Exercise: Give again exactly the lines that run from the start of the records to the line holding "1 - проводящая", both ends counted. Do not include the pictures.

Record extracts:
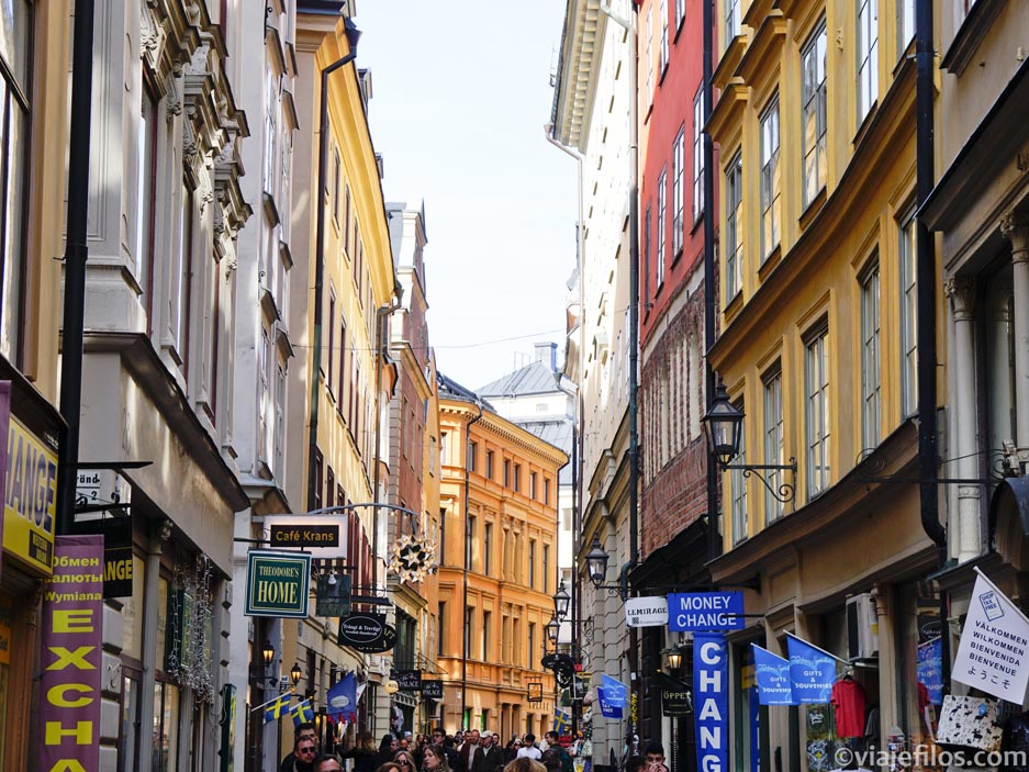 En sus laberínticas calles se encuentra el estrecho callejón más angosto de Estocolmo, llamado «Mårten Trotzigs gränd«, que mide apenas 90 cm de ancho en su punto más estrecho. Perderse por cualquiera de estas calles empedradas merece la pena.
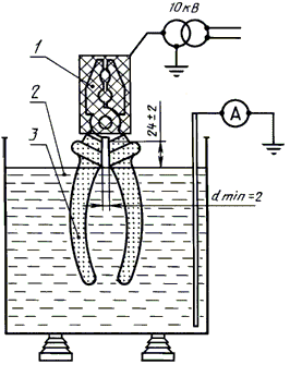 1 - проводящая рабочая часть; 2 - ванночка с водопроводной водой; 3 - изолированная часть инструмента; d - расстояние, которое необходимо поддерживать между внутренними поверхностями рукояток
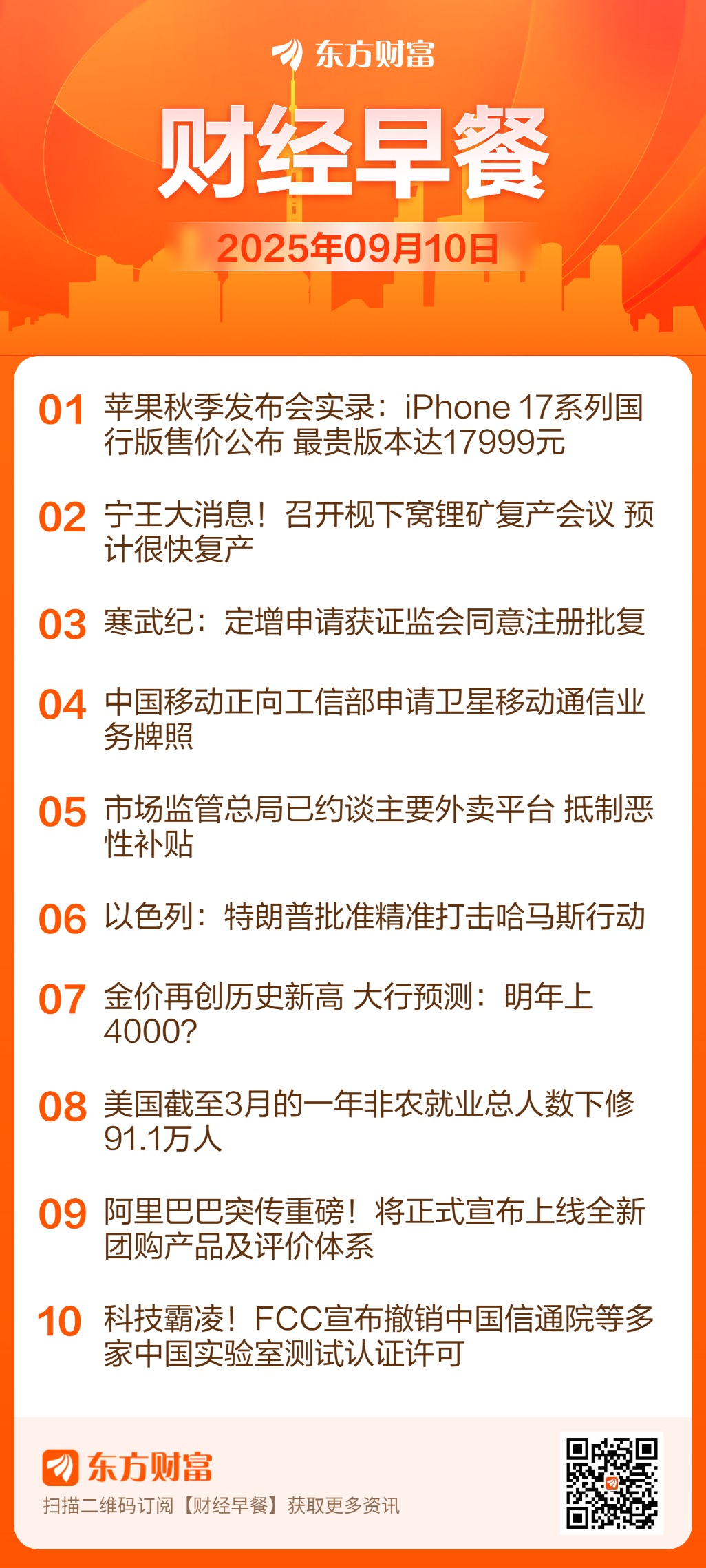 ![]() 每日精选苹果发布会: 苹果举办秋季新品发布会,先后发布了AirPods Pro、三款Apple Watch以及全新的iPhone 17系列。苹果中国官网显示,iPhone 17(256GB)的起售价为5999元人民币,iPhone Air为7999元;iPhone Pro为8999元,Pro Max为9999元。本次最贵版本的iPhone 17 Pro Max售价17999元,为iPhone历代以来最高价格。9月12日晚8点开始接受预购,9月19日发售。 锂矿复产: 据悉,9月9日上午,宁德时代控股子公司宜春时代新能源矿业有限公司召开“枧下窝锂矿复产工作会议”,专题推进枧下窝锂矿复产工作。据知情人士透露,宁德时代枧下窝锂矿采矿权证及采矿许可证审批进展顺利,预计很快将复工复产,“比市场上最快的预期还要快。” 寒武纪定增: 寒武纪9月9日公告,公司于近日收到证监会出具的《关于同意中科寒武纪科技股份有限公司向特定对象发行股票注册的批复》,同意公司向特定对象发行股票的注册申请。 就业数据修正: 美国截至3月的一年非农就业总人数下修91.1万人,市场预估为下修70万。美国劳工统计局称,过去十年间,年度基准修订绝对值的平均水平为非农就业总数的0.2%。 卫星通信: 据记者报道,中国移动正在申请卫星移动通信业务经营许可,为依法合规开展手机直连卫星业务奠定政策基础,目前该申请已进入审核流程。记者了解到,在星地融合通信方面,中国移动已有不少实践。2024年6月,中国移动完成全球首个手机直连高轨卫星基于运营商网络IoT-NTN IMS的语音通话实验室验证,2024年7月成立星地融合技术研究所,全面开展卫星通信技术攻关。2024年11月,中国移动携手中国时空发布北斗短信业务,使得无网络环境下的通信成为可能。 外卖竞争: 记者从市场监管总局召开的例行发布会上了解到,针对近期外卖平台补贴争议,市场监管总局新闻发言人王秋苹介绍,市场监管总局已经及时约谈主要外卖平台,相关平台快速响应,集体发声,承诺严守法律法规,杜绝不正当竞争,抵制恶性补贴,推动行业规范有序发展。 纪委审查: 9月9日,中国银行党委召开会议,传达中央纪委国家监委对林景臻涉嫌严重违纪违法进行纪律审查和监察调查的决定。与会同志一致表示,坚决拥护党中央决定,坚决拥护中央纪委国家监委决定。 黄金: 9月9日,现货黄金(伦敦金现)盘中一举突破3650美元/盎司关口,再次刷新历史纪录。国际现货黄金在本周已一举突破了1980年1月通胀调整后的历史高点。今年现货黄金累计涨幅近1000美元,涨幅高达近40%。 科技霸凌: 当地时间9月8日,美国联邦通信委员会(FCC)在其官网宣布,撤销多家中国实验室对进入美国市场电子产品的测试认证许可。FCC要求发射无线电频率的电子设备都必须获得在美国使用的认证,此前这些实验室为进入美国市场的电子产品提供FCC安全认证。这无疑又是一次典型的科技霸权行为。此前,美方多次泛化国家安全概念,滥用出口管制和“长臂管辖”,严重扰乱了全球产供链稳定。 阿里团购传闻: 9月9日早上,市场突然传出,阿里将于明后天正式宣布上线全新团购产品及评价体系,直接对标美团核心业务。而据记者获悉,周三(9月10号)上午,在杭州西溪C区阿里的确有一场重磅业务发布会,活动时间是上午半天。但阿里方面并未说明是否为团购业务发布会。 热点题材人工智能: 9月9日,杭州市经济和信息化局就《杭州市加快发展人工智能终端产业三年行动方案(2025-2027年)(征求意见稿)》(以下简称“《方案》”)公开征求意见。根据《方案》,到2027年,杭州市人工智能终端产业规模力争达到3000亿元。实施人工智能终端方向重点科研计划项目100个,打造爆款终端产品30款,培育形成自主品牌20个,选树典型应用场景50个。谋划内生裂变项目100个,招引落地亿元以上重大项目150个。 固态电池: 固态电池产业利好频传。9月以来,珠海冠宇、亿纬锂能、先导智能、国轩高科等多家A股上市公司密集披露固态电池领域的进展。作为具备高安全性和高能量密度的前沿技术,固态电池长期以来被视为解决新能源汽车起火问题,缓解人形机器人和低空飞行器续航压力的重要途径。行业人士表示,当前固态电池行业正处于从实验室验证向产业化过渡的关键阶段。政策、资金多方助力,推动产业落地加速。 飞行汽车: 据小鹏汽车官方公众号,在低空出行领域,小鹏汇天历经12年研发、投入约6亿美元、完成7代飞行器迭代。小鹏汇天「陆地航母」飞行汽车将于今年10月在迪拜完成全球首飞,这款产品目前在中国市场已收获近5000份订单,并计划于2026下半年正式交付。 碳化硅: 近期,中国科学院半导体研究所科技成果转化企业北京晶飞半导体科技在碳化硅晶圆加工技术领域取得重大突破,成功利用自主研发的激光剥离设备实现了12英寸碳化硅晶圆的剥离。该突破标志着中国在第三代半导体关键制造装备领域迈出重要一步,为全球碳化硅产业的降本增效提供了全新解决方案。 钠电池: 据宁德时代消息,9月5日,宁德时代钠新电池通过了GB38031-2025《电动汽车用动力蓄电池安全要求》(简称“新国标”)认证,成为全球首款通过新国标认证的钠离子电池。上半年,全球钠电出货量达到3.7GWh,同比增长259.0%。 消费电子: 9月进入消费电子新品密集发布期。华为于9月4推出三折叠手机MateXTs非凡大师。9月5日,小米集团总经理卢伟冰转发网友提问“小米16真的提档了?”并回答“嗯,快了”;这意味着小米16发布或提档。此外,20
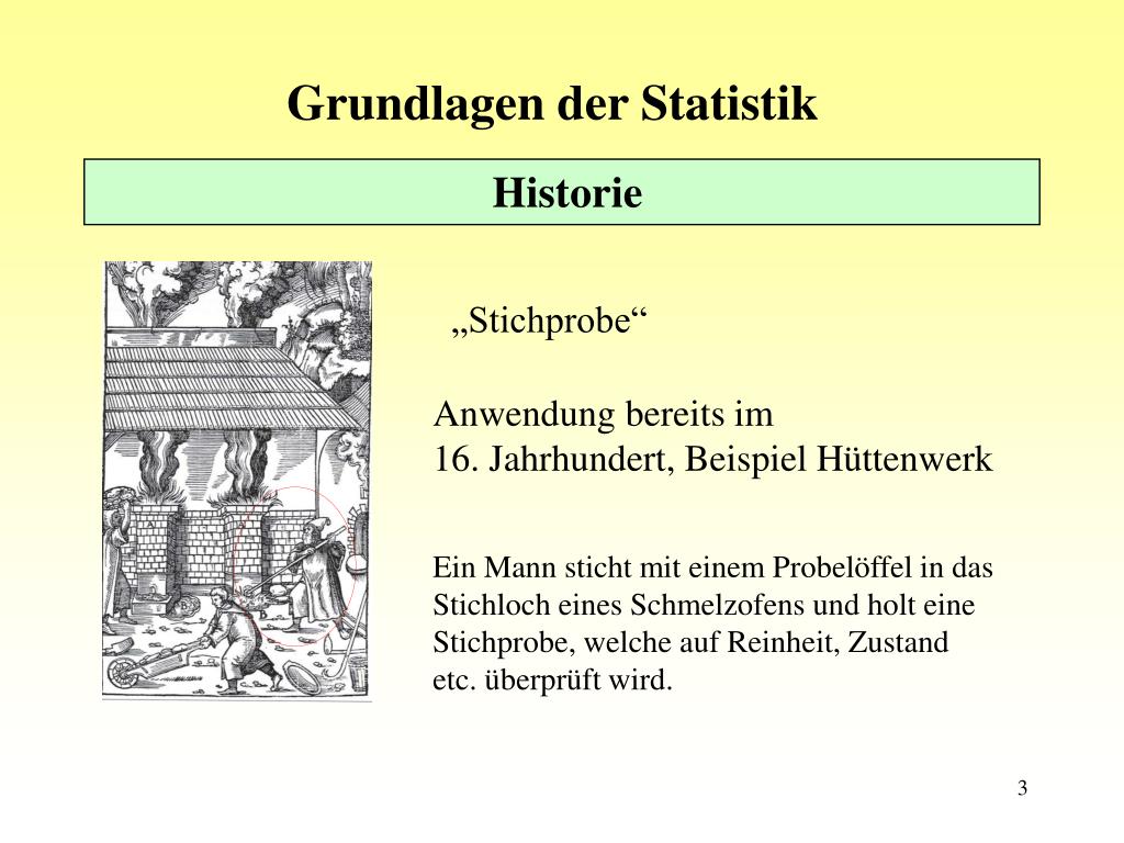 Grundlagen der Statistik Historie „Stichprobe“ Anwendung bereits im 16. Jahrhundert, Beispiel Hüttenwerk Ein Mann sticht mit einem Probelöffel in das Stichloch eines Schmelzofens und holt eine Stichprobe, welche auf Reinheit, Zustand etc. überprüft wird.
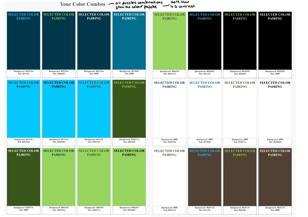 This show all the different compliant pairings of colours, highlights the diverse typography opportunities with the new colour palette.
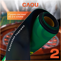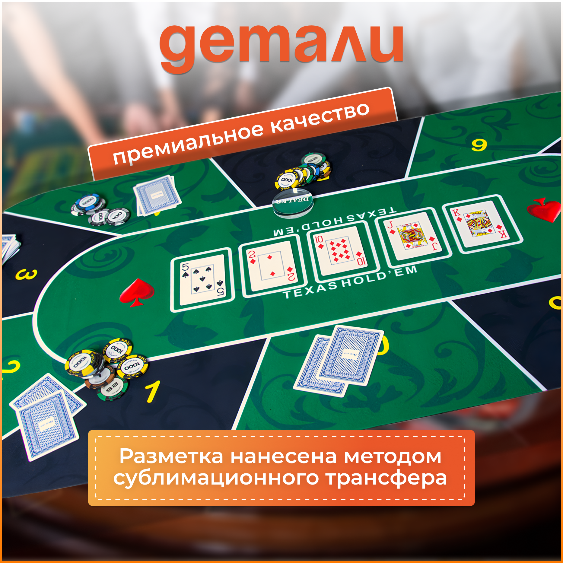 Сукно имеет насыщенный зеленый цвет, который создает атмосферу профессионального покерного стола. Специальное покрытие обеспечивает удобство раздачи карт, предотвращая их стирание, погнутость и загрязнение.

Exercise solution:
 En sus laberínticas calles se encuentra el estrecho callejón más angosto de Estocolmo, llamado «Mårten Trotzigs gränd«, que mide apenas 90 cm de ancho en su punto más estrecho. Perderse por cualquiera de estas calles empedradas merece la pena.
 1 - проводящая рабочая часть; 2 - ванночка с водопроводной водой; 3 - изолированная часть инструмента; d - расстояние, которое необходимо поддерживать между внутренними поверхностями рукояток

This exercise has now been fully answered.